▶ [PROBLEM TO WORK ON]: Each line below from the line with "As reported by" to the line with "女子向けラノベタイトル風あだ名 | 『カーズ姫と円卓の騎士』 |" must be copied exactly, including those two, and no picture may appear in the copy.

▶ [TASK INPUTS]:
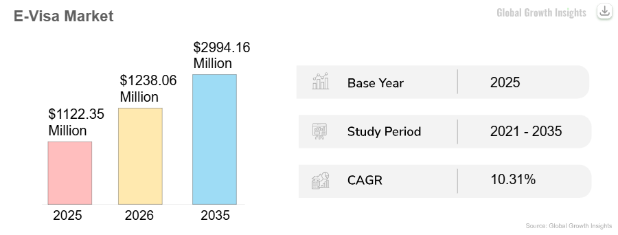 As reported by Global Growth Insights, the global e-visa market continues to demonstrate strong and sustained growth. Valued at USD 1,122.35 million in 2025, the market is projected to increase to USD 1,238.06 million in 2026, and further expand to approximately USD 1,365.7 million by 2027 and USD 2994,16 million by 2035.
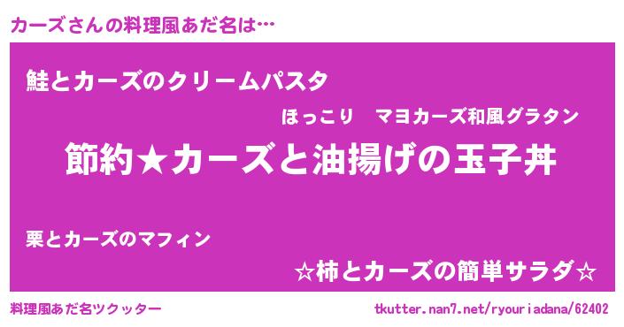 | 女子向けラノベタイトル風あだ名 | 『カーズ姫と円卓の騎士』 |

--

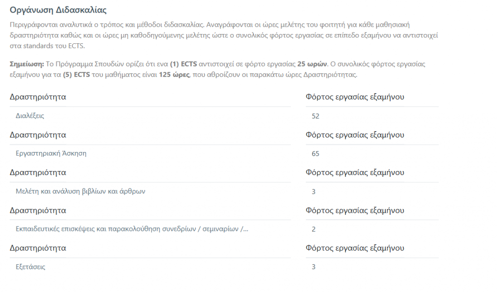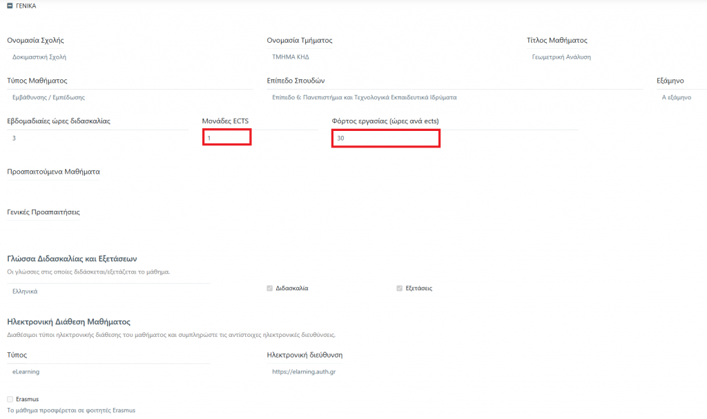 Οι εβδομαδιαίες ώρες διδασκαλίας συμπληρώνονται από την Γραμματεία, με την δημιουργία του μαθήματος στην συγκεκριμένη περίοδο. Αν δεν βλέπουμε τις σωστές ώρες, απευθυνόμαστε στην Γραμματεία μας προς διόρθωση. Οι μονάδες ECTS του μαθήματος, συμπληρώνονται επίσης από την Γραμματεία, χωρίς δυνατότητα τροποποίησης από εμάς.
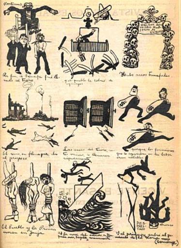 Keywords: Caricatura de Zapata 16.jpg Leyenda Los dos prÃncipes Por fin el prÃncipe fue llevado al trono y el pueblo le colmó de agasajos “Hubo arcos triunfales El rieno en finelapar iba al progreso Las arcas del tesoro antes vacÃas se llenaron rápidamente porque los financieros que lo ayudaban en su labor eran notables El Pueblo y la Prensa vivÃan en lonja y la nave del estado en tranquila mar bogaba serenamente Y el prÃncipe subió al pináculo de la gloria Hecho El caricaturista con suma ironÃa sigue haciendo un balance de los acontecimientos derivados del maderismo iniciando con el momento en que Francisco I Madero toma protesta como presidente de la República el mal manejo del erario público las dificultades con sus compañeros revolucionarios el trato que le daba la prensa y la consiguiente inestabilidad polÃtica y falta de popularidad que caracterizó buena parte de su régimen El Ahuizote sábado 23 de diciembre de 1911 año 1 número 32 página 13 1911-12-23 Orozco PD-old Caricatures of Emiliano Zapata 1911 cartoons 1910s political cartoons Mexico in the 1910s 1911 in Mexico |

--

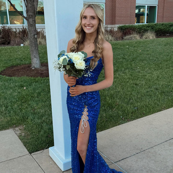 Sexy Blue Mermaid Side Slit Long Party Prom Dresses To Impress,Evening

▶ [EXERCISE ANSWER]:
 As reported by Global Growth Insights, the global e-visa market continues to demonstrate strong and sustained growth. Valued at USD 1,122.35 million in 2025, the market is projected to increase to USD 1,238.06 million in 2026, and further expand to approximately USD 1,365.7 million by 2027 and USD 2994,16 million by 2035.
 | 女子向けラノベタイトル風あだ名 | 『カーズ姫と円卓の騎士』 |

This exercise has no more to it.